* _Your instructions_: Transcribe every line of the material below without change, apart from dropping the pictures.

* _Available data_:
+++

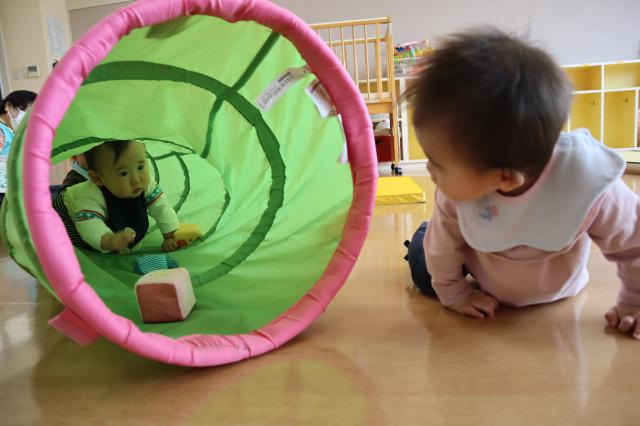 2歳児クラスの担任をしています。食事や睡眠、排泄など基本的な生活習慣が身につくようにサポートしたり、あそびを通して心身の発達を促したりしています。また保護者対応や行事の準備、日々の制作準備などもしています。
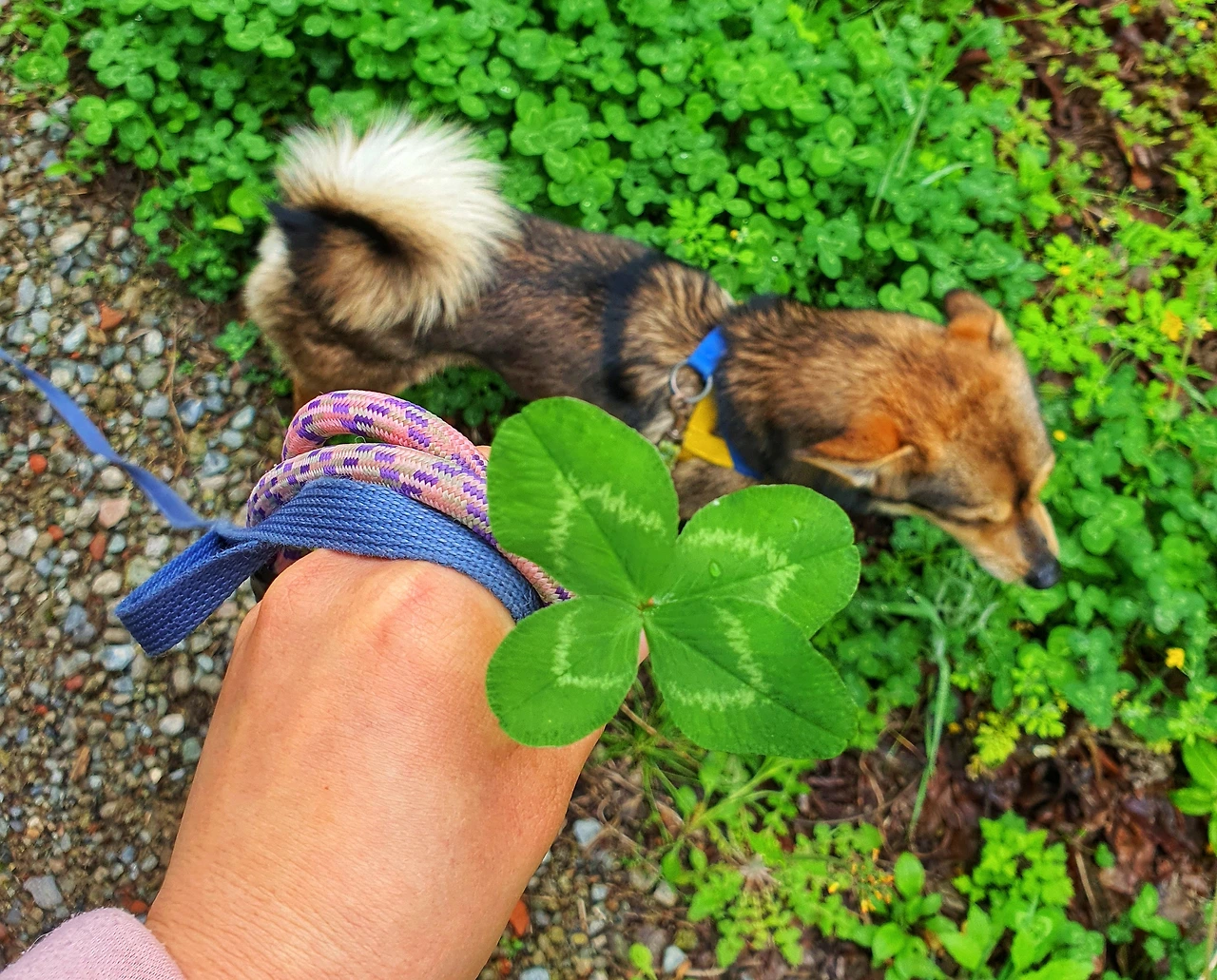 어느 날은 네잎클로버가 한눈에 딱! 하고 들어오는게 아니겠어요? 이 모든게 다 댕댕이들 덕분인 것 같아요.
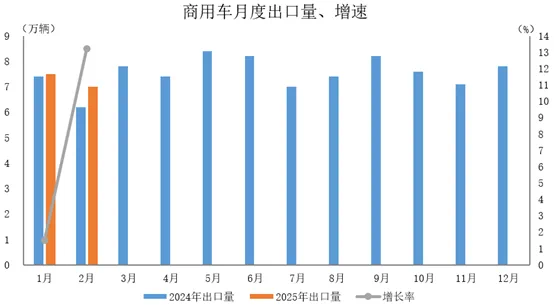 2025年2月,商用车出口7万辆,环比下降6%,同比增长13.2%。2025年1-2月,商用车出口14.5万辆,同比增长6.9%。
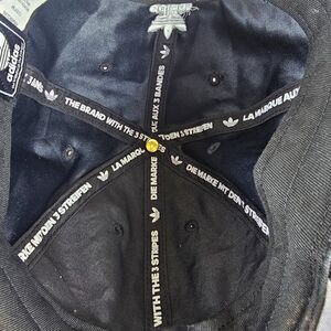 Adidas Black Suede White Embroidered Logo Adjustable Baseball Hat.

+++

* _Output of the task_:
 2歳児クラスの担任をしています。食事や睡眠、排泄など基本的な生活習慣が身につくようにサポートしたり、あそびを通して心身の発達を促したりしています。また保護者対応や行事の準備、日々の制作準備などもしています。
 어느 날은 네잎클로버가 한눈에 딱! 하고 들어오는게 아니겠어요? 이 모든게 다 댕댕이들 덕분인 것 같아요.
 2025年2月,商用车出口7万辆,环比下降6%,同比增长13.2%。2025年1-2月,商用车出口14.5万辆,同比增长6.9%。
 Adidas Black Suede White Embroidered Logo Adjustable Baseball Hat.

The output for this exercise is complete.